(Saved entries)
▼

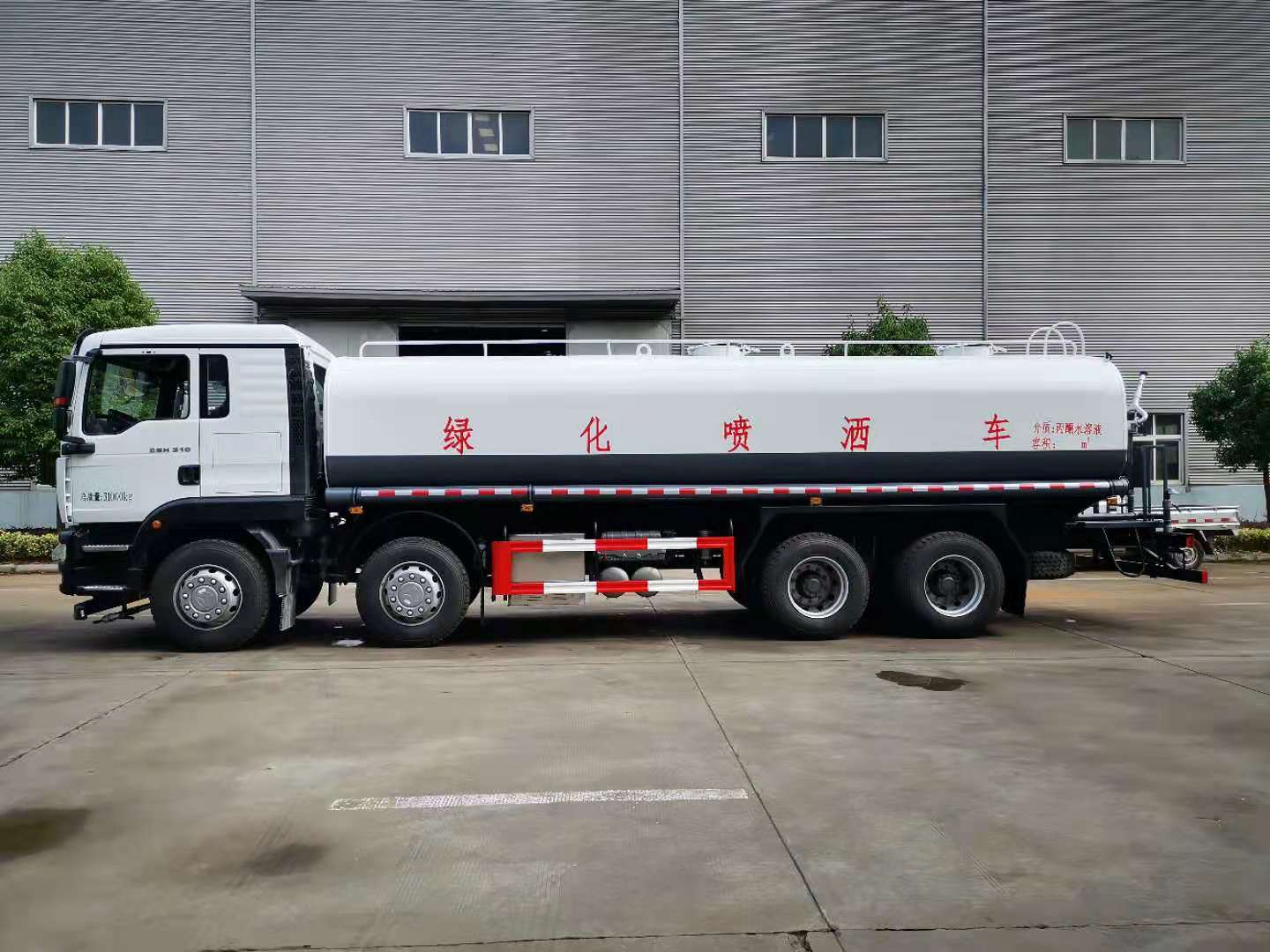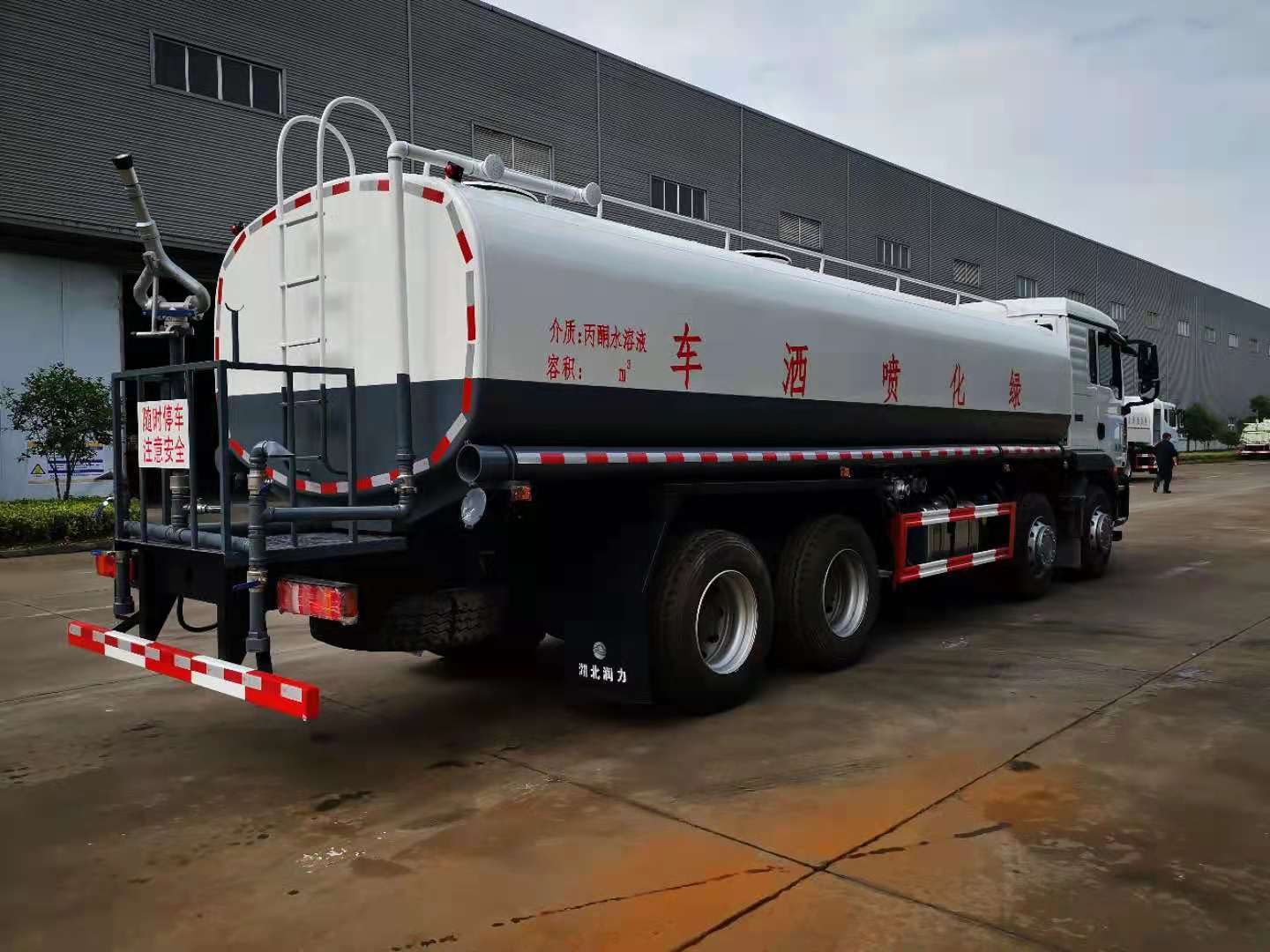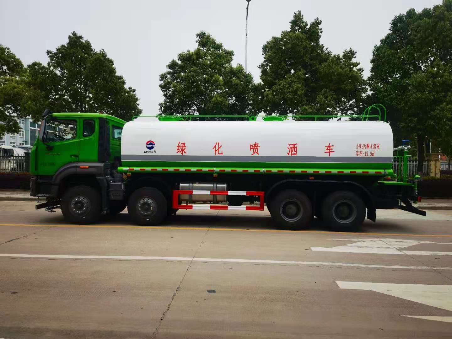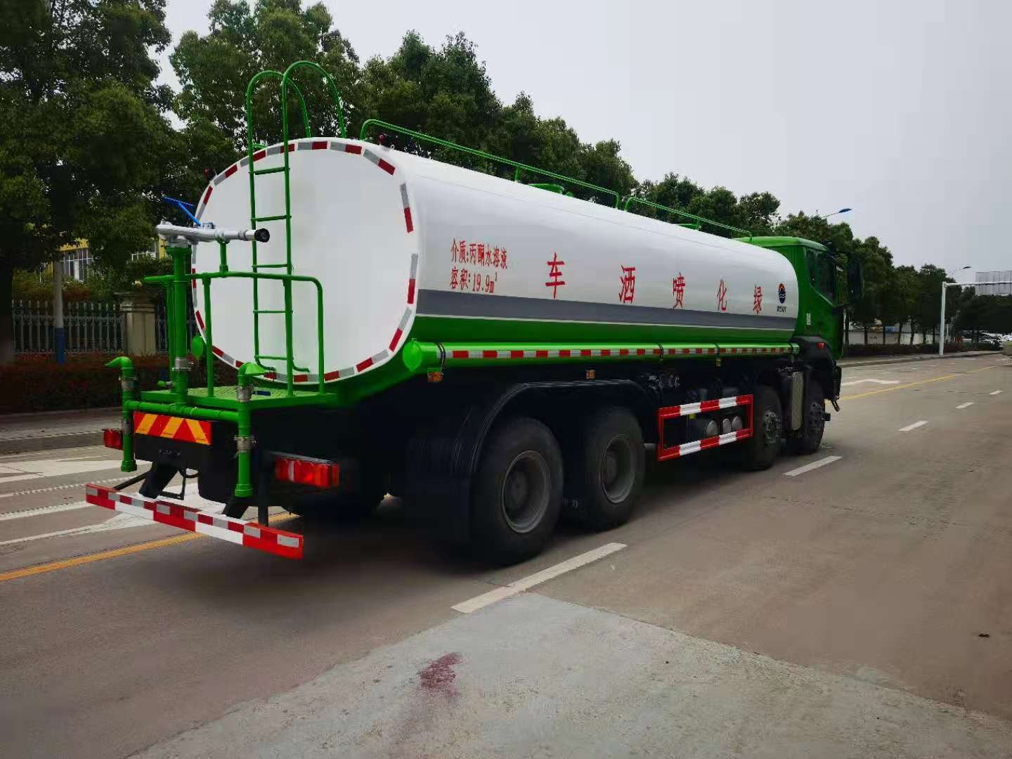 罐體容積25立方,采用國(guó)標(biāo)4mm鋼板,內(nèi)有隔板,采用60/90灑水泵,可抽可排,前噴后灑,帶側(cè)噴,后平臺(tái)高射水泡,射程25m右側(cè)兩個(gè)高位花灑,罐體顏色白/綠,采用優(yōu)質(zhì)油漆,其它按灑水車要求生產(chǎn)。
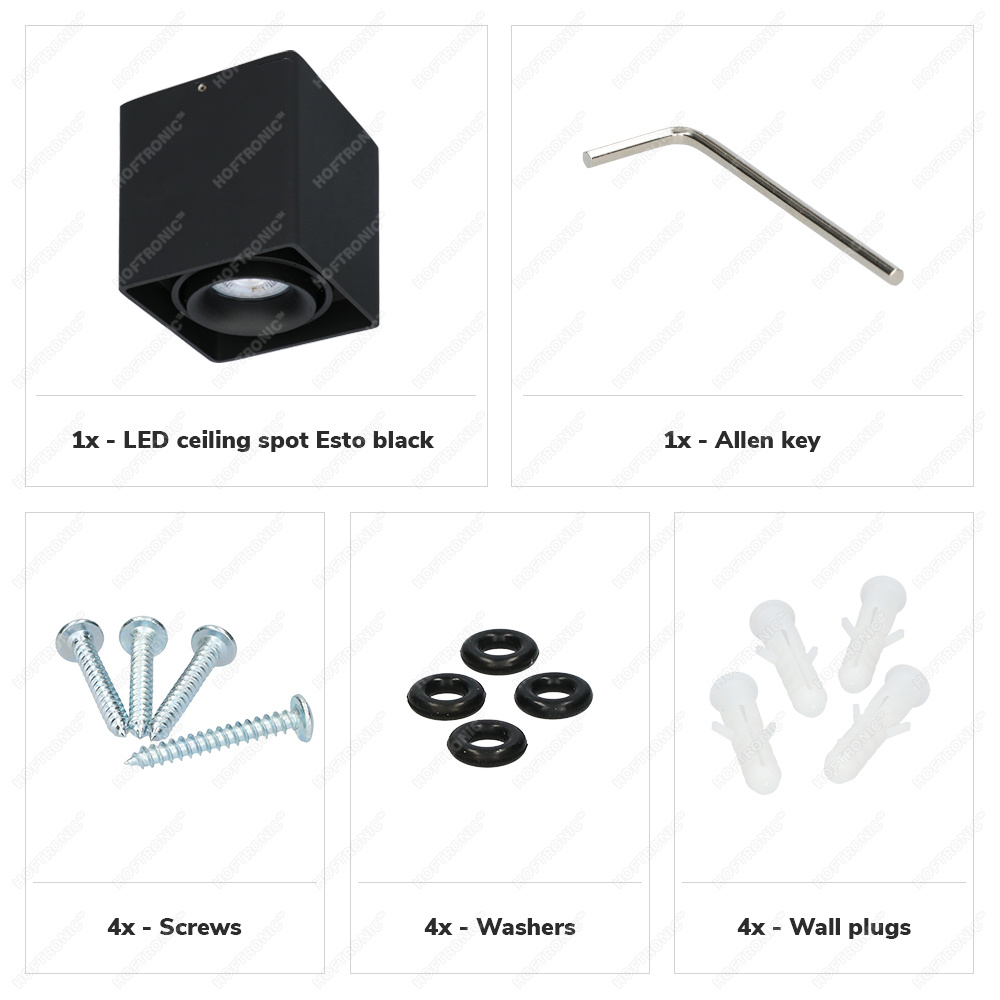 De Esto structuur plafondspots is in hoogwaardig aluminium afgewerkt en wordt standaard geleverd met afdekringen en GU10 spot met lichtkleur 2700K. Je hebt drie jaar garantie op het armatuur.
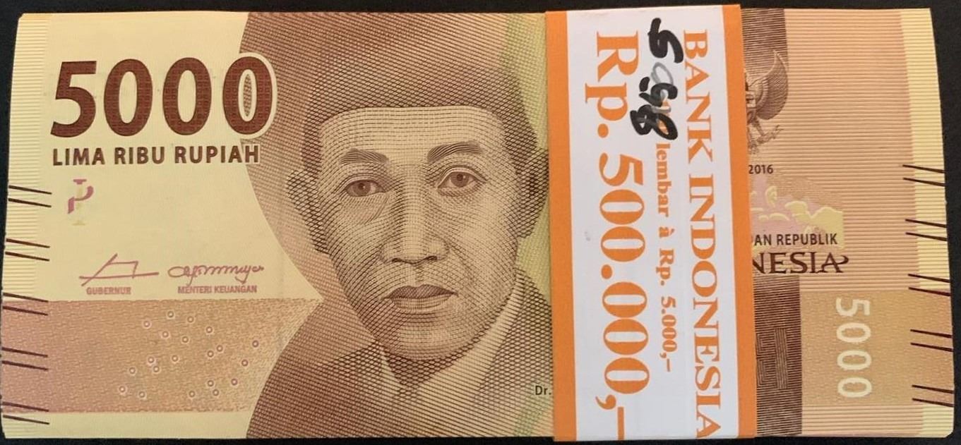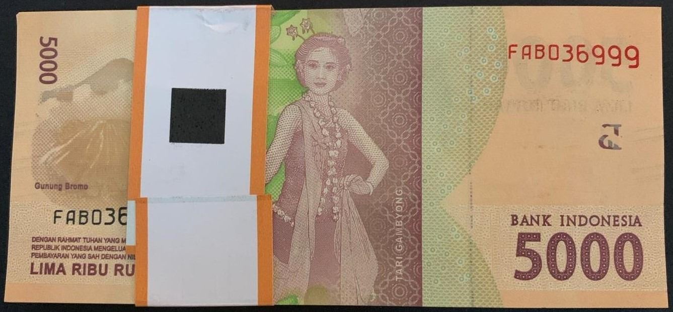 Indonesia, 5.000 Rupiah, 2016, UNC, p156, BUNDLEbr/100 banknotes in series; serial number of the las
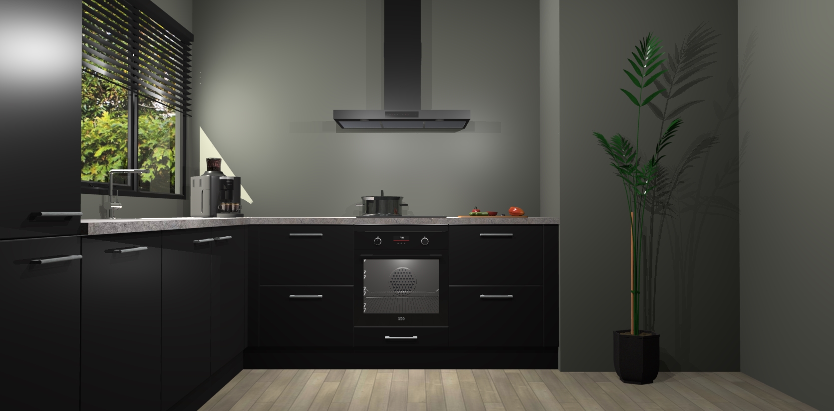 Met een modern, tijdloos design en ruime opslagruimte, zult u zich in no-time thuis voelen in uw nieuwe keuken. Uw leven wordt eenvoudiger met de soft-close deuren die voor het ultieme stille comfort zorgen - geen geluid dat u stoort terwijl u kookt. Ook is de keuken voorzien van 5 ingebouwde apparaten: een oven, inductie kookplaat, afzuigkap, vaatwasser en koelkast. Deze kunnen gemakkelijk na bestelling worden bijgewerkt naar AEG - waardoor uw luxe ervaring compleet is.
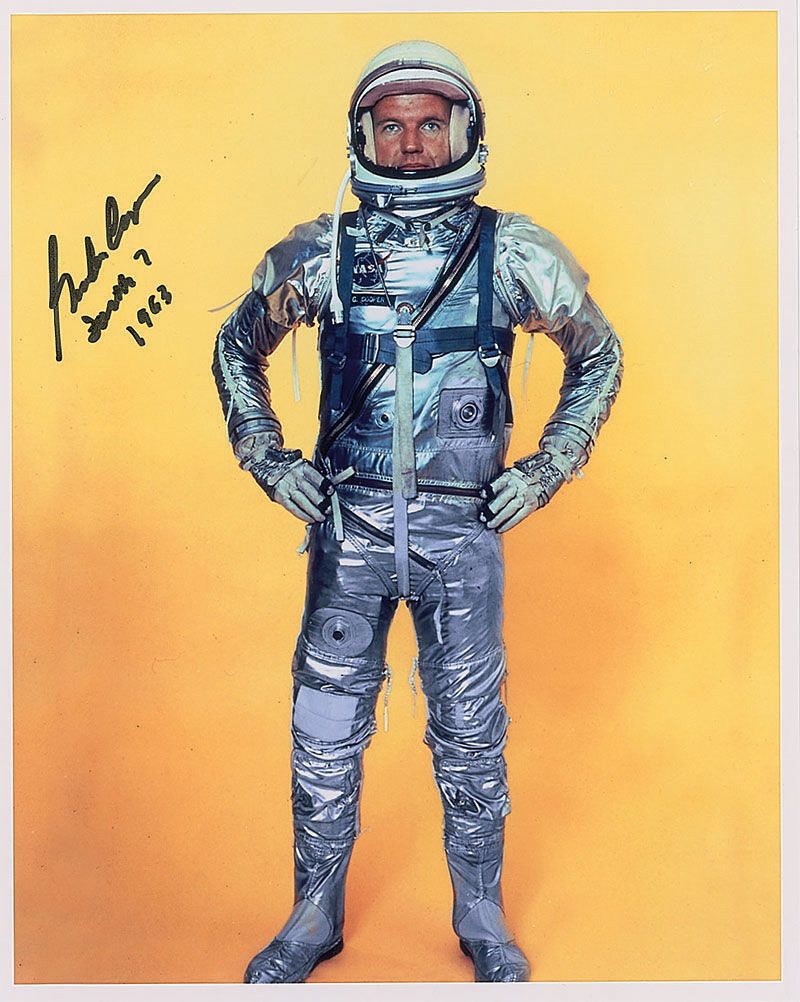 Color satin-finish 8 x 10 full-length photo of Cooper in his Mercury space suit, signed in black felt tip, “Gordon Cooper, Faith 7, 1963.” In very fine condition.
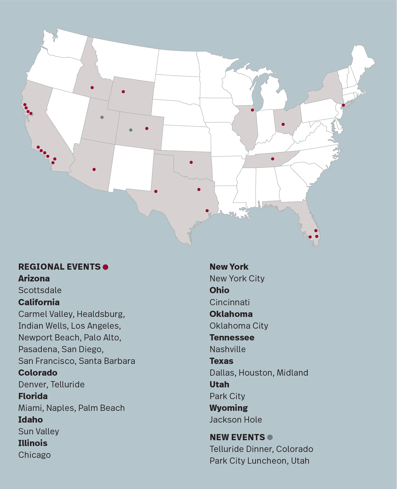 The Hoover Institution hosts conferences and events across the country for our major donors and to introduce new individuals to our mission and our fellows. Beyond our major events such as the Fall Retreat and Vertex Forum, we hosted 46 regional in-person events and continued to host the popular Hoover Insider Policy Briefing Series, a private webinar series allowing Hoover scholars to discuss important policy issues with our major donors in an interactive environment.
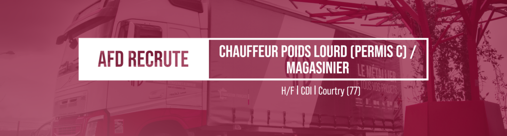 AFD recherche 1 Chauffeur poids lourd permis C / Magasinier (H/F) à Courtry (77).

▲

* **WHAT YOU WILL DO**
Each line from the beginning of the entries up to and including the one containing "Indonesia, 5.000 Rupiah, 2016, UNC, p156, BUNDLEbr/100" must be restated exactly. Pictures are to be left out.

* **OUTPUT**
 罐體容積25立方,采用國(guó)標(biāo)4mm鋼板,內(nèi)有隔板,采用60/90灑水泵,可抽可排,前噴后灑,帶側(cè)噴,后平臺(tái)高射水泡,射程25m右側(cè)兩個(gè)高位花灑,罐體顏色白/綠,采用優(yōu)質(zhì)油漆,其它按灑水車要求生產(chǎn)。
 De Esto structuur plafondspots is in hoogwaardig aluminium afgewerkt en wordt standaard geleverd met afdekringen en GU10 spot met lichtkleur 2700K. Je hebt drie jaar garantie op het armatuur.
 Indonesia, 5.000 Rupiah, 2016, UNC, p156, BUNDLEbr/100 banknotes in series; serial number of the las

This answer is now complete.